The New York Times: Sanofi Halves Price Of Cancer Drug Zaltrap After Sloan-Kettering Rejection
In an unusual move, a big drug company said on Thursday that it would effectively cut in half the price of a new cancer drug after a leading cancer center said it would not use the drug because it was too expensive. ... Zaltrap came to market in August at a price of about $11,000 a month. Soon after, Memorial Sloan-Kettering Cancer Center in New York decided not to use the drug, saying it was twice as expensive but no more effective than a similar medicine, Avastin from Genentech. Both drugs improved median survival by 1.4 months, doctors there said (Pollack, 11/8).

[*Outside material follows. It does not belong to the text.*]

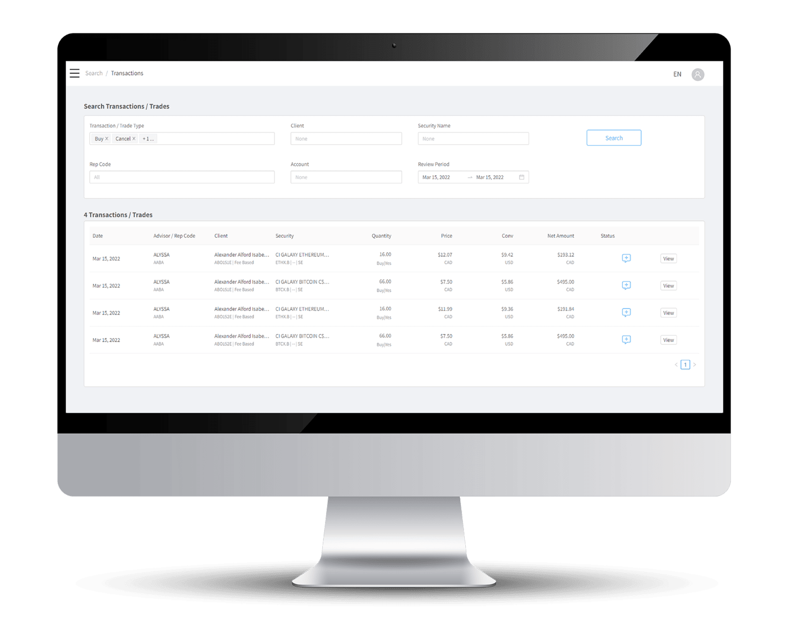 Supervisors receive instant alerts for trades with overdue KYC, and advisors can proactively manage upcoming requirements within 30, 60, and 90 days.

In other public health news, officials worry about a new form of West Nile Virus --
The Washington Post: Hints Of A More Virulent, Mutating West Nile Virus Emerge
The West Nile virus epidemic of 2012, the worst in a decade, may be notorious for yet another reason: The virus, in some cases, is attacking the brain more aggressively than in the past, raising the specter that it may have mutated into a nastier form, say two neurologists who have extensive experience dealing with the illness. ... So far this year, health authorities have reported more than 5,000 cases of West Nile illness and 228 deaths in 48 states, with Texas, California, Illinois and Michigan having the most cases (Vastag, 11/8).